Michael Brodkorb, the Republican Minnesota Senate Communications Director who was fired for having an extramarital affair with former Senate Majority Leader Amy Koch (R-Buffalo), is in the midst of a media blitz to frame his firing as being nothing more than collateral damage from a “palace coup” on behalf of Senator David Hann (R-Eden Prairie).
Those darn Republican l’élite politique francophiles, always showing off their French. To translate for the commoners: The bard Brodkorb claims Prince David used the royal tryst as a political weapon to clear the way for him to take possession of Queen Amy’s throne.
Brodkorb’s palace coup d’état allegation is not implausible. But beyond Brodkorb’s assertion, my guess is that there were multiple motives behind Brodkorb’s firing:
- HR Propriety. In the face of this news, there may have been legitimate workplace management reasons to remove Brodkorb. For instance, corporate Human Relations (HR) Departments sometimes worry that such affairs can cloud the ability of the lovebirds to be objective in their decision making, and can create the reality or perception of favoritism that can harm operations and/or make the organization legally liable in the future.
- Brodkorb Coup. Brodkorb is a bare knuckle political brawler. Because of that, many Republicans Senators that were bruised and bloodied by Mr. Brodkorb over the years may have resented his style enough to want HIM gone. In other words, the coup may have been aimed at the Queen’s staff more than the Queen.
- Political Damage Control. Mr. Brodkorb is not just any staffer. For years he has been in the center of high profile political battles, practicing his scorched Earth approach to both politics and governance. He is Minnesota’s version of Karl Rove, except more bombastic and more fond of the limelight. Because of Brodkorb’s fame or infamy, depending on your point of view, his involvement in the romantic rendezvous made the whole matter infinitely more newsworthy than your more run-of-the-mill staff-politician affair. Because it was more newsworthy, it was more political damaging for Republicans. Because it was more political damaging, it needed to be nipped in the bud.

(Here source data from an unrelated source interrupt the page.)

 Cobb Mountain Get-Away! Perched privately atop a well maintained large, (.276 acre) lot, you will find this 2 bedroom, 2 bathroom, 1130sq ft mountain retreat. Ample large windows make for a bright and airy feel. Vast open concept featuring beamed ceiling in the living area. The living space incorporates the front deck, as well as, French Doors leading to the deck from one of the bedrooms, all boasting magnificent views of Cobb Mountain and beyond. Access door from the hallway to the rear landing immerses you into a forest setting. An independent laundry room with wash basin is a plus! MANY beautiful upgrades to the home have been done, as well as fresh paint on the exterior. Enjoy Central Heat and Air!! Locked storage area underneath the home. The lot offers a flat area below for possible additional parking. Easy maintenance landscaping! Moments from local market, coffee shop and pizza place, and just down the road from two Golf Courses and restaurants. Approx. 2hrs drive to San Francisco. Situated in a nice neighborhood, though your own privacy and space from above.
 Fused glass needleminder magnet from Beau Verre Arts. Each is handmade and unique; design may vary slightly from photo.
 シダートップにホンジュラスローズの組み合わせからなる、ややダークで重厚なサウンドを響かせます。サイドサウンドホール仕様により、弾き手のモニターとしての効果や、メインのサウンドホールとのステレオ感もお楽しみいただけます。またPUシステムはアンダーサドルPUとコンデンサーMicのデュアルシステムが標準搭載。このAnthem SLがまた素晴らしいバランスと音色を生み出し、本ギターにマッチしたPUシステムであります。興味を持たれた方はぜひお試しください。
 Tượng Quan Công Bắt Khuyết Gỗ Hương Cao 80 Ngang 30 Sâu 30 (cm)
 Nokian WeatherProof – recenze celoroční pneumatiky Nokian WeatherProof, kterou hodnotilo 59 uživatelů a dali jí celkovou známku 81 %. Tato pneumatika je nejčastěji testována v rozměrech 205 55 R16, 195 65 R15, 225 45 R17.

The current Republican Senate leadership wants Minnesotans to think this was ALL about them being proper business managers doing what any by-the-book corporate HR Director would do. But it is difficult to believe that there wasn’t also an element of Koch coup, Brodkorb coup, and political damage control involved in their decision to fire Brodkorb.
My speculation is that political damage control was the top motivation for the firing, not a burning desire to oust Senator Koch, and not workplace law propriety. But no one can know for sure.
The other interesting thing about Brodkorb’s media tour is the timing of it. The timing was driven by the judge in Brodkorb’s lawsuit lifting a gag order on Friday. But a guy like Brodkorb, who lives and breathes electoral politics, also is fully aware that he is bringing the Repubilican’s most humiliating story back to the front pages just three weeks before the Republicans have to face surly voters, who already give the GOP-controlled Legislature the lowest approval rating on record.
It may or may not be true that Hann was using the Brodkorb-Koch affair as a political weapon in a palace coup. But it certainly is true that Mr. Brodkorb is using a potent political weapon in his current media tour.